» **Work instruction**:
After dropping the pictures, give again exactly the lines of the data from its first line through the line with "The SA electrode was", which is included as well.

» **Input data**:
+-------+

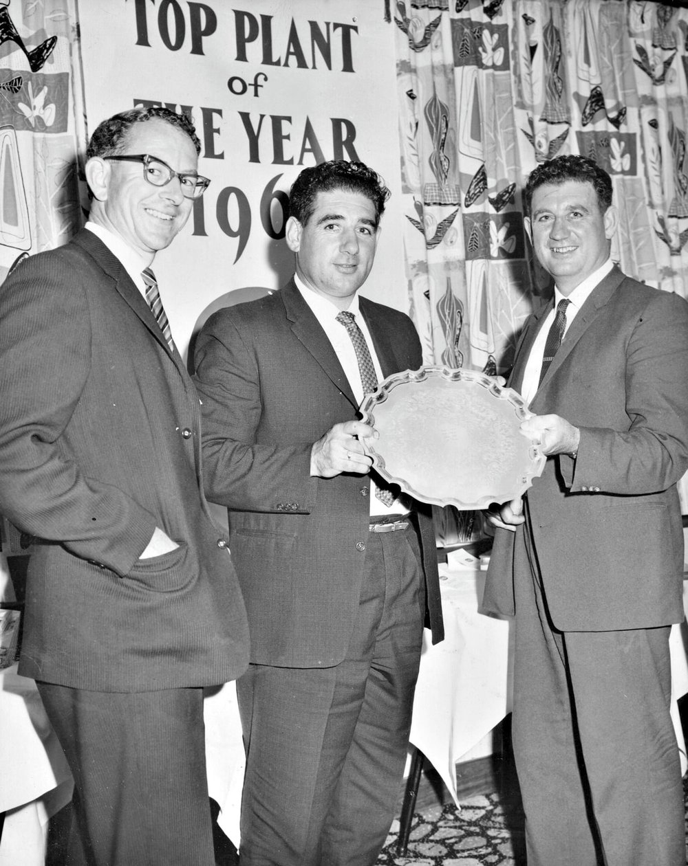 The Forrest brothers Nippy centre and Ray right being presented with a silver plate for selling the most Coca cola per capita.
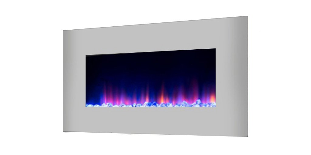 - AMBIENT GLOW: The Duo stainless wall-mounted electric fireplace unit is back lit to provide the room with a warm glow that sets the right kind of ambiance for any given situation.
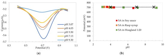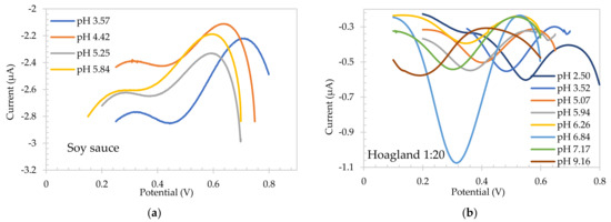 The SA electrode was then tested in 1:20 diluted Hoagland solution. It was first abraded, removing the polymer formed on the surface of the electrode. SA was then polymerized directly in Hoagland solution (pH 7.17). The pH was then adjusted by adding 0.5 M NaOH and 0.5 M HCl stock solution additions providing a pH range from 3.07 to 9.30. Well defined square wave voltammograms were obtained, as shown in Figure 3a in all solutions. The resulting plot of peak potential as a function of pH for the SA-based electrodes in diluted Hoagland solution overlayed the ones for raspberry syrup, soy sauce and IUPAC standard buffers, as detailed in Figure 3b. The sensitivity obtained for Hoagland solution was −2.44 mV/pH unit, confirming the ability of the electrode to control the pH local to the electrode surface. These data thereby confirm the purpose of using SA-based carbon electrodes as a reference electrode in high viscosity food media as well as in hydroponic solutions with very low conductivity. The average peak potential of the SA electrodes in a range of pH 2.83–9.30 for both medias was 701.9 ± 7.2 mV.
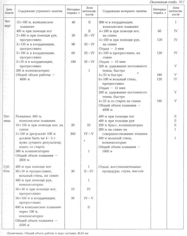 упражнения, включаемые во второе и третье занятия. Достаточно сказать, что современные мастера плавания тренируются 2 — 3 раза в день, затрачивая на работу в воде до 5 — 7 ч ежедневно, а раньше, при одноразовых ежедневных занятиях, продолжительность тренировки не превышала 2 —2,5 ч. За счет увеличения количества занятий в течение дня дневной объем плавания у многих сильнейших пловцов достиг 18 — 20 км, а годовой — 2500 — 3500 км, в то время как 30 — 35 лет назад, когда количество занятий в течение недельного микроцикла у квалифицированных пловцов обычно не превышало 6 — 9, объем плавания был в 3 — 4 раза меньше. Вместе с тем, эффективность 2 —3-разовых занятий в течение дня высока лишь в тех случаях, когда рационально сочетаются нагрузки основных и дополнительных занятий и увеличение общего количества занятий не сопровождается уменьшением количества занятий с большими нагрузками, которые служат мощным стимулом роста тренированности. При трех занятиях в течение дня, два проводятся в воде, а одно — на суше. Утром, как правило, проводится занятие в воде, днем — на суше, вечером — опять в воде. Такой режим широко распространен в подготовке пловцов высокого класса при централизованной ее организации в плавательных центрах, школах-интернатах спортивного профиля, на различных сборах. В этом случае построение микроциклов еще больше усложняется. Особенно важно правильно определить направленность занятий на суше, с тем чтобы программа утреннего занятия в воде отрицательно не сказывалась на качестве работы на суше, а последняя, в свою очередь, не противоречила направленности последующего занятия в воде. В табл. 19.5 представлены целесообразные сочетания занятий в воде и на суше при трех занятиях в течение дня. ГЛАВА 19 Построение программ микроциклов Структура микроциклов в значительной мере определяется периодом макроцикла. В зависимости от преимущественных задач того или иного периода существенно варьируют основные характеристики программ микроциклов: общий объем работы на суше и в воде, количество занятий, соревновательных стартов и т.д. 19.3. ПОСТРОЕНИЕ ВОССТАНОВИТЕЛЬНЫХ И ПОДВОДЯЩИХ МИКРОЦИКЛОВ Восстановительными микроциклами обычно завершается серия ударных микроциклов. Они применяются и после напряженной соревновательной деятельности. Их основная роль сводится к обеспечению оптимальных условий для восстановительных и адаптационных процессов в организме спортсмена, что обусловливает невысокую суммарную нагрузку и широкое использование в них средств активного отдыха. В табл. 19.6 представлены наиболее общие характеристики недельных восстановительных микроциклов, применяющихся пловцами высокой квалификации. Как видно, суммарный объем работы в часах меньше чем в ударных микроциклах примерно в два раза, в то время как объем плавания меньше в 3 — 4. Значительно меньше и общее количество занятий на суше и в воде, а занятия с большими и значительными нагрузками вообще не планируются. Подводящие микроциклы направлены на непосредственное подведение пловца к соревнованиям. Их содержание может быть весьма разнообразным и зависит от системы подведения спортсмена к соревнованиям, и его индивидуальных особенностей. В зависимости от этого в подводящих микроциклах могут воспроизводиться режим предстоящих соревнований, решаться вопросы

+-------+

» **Output of the task**:
 The Forrest brothers Nippy centre and Ray right being presented with a silver plate for selling the most Coca cola per capita.
 - AMBIENT GLOW: The Duo stainless wall-mounted electric fireplace unit is back lit to provide the room with a warm glow that sets the right kind of ambiance for any given situation.
 The SA electrode was then tested in 1:20 diluted Hoagland solution. It was first abraded, removing the polymer formed on the surface of the electrode. SA was then polymerized directly in Hoagland solution (pH 7.17). The pH was then adjusted by adding 0.5 M NaOH and 0.5 M HCl stock solution additions providing a pH range from 3.07 to 9.30. Well defined square wave voltammograms were obtained, as shown in Figure 3a in all solutions. The resulting plot of peak potential as a function of pH for the SA-based electrodes in diluted Hoagland solution overlayed the ones for raspberry syrup, soy sauce and IUPAC standard buffers, as detailed in Figure 3b. The sensitivity obtained for Hoagland solution was −2.44 mV/pH unit, confirming the ability of the electrode to control the pH local to the electrode surface. These data thereby confirm the purpose of using SA-based carbon electrodes as a reference electrode in high viscosity food media as well as in hydroponic solutions with very low conductivity. The average peak potential of the SA electrodes in a range of pH 2.83–9.30 for both medias was 701.9 ± 7.2 mV.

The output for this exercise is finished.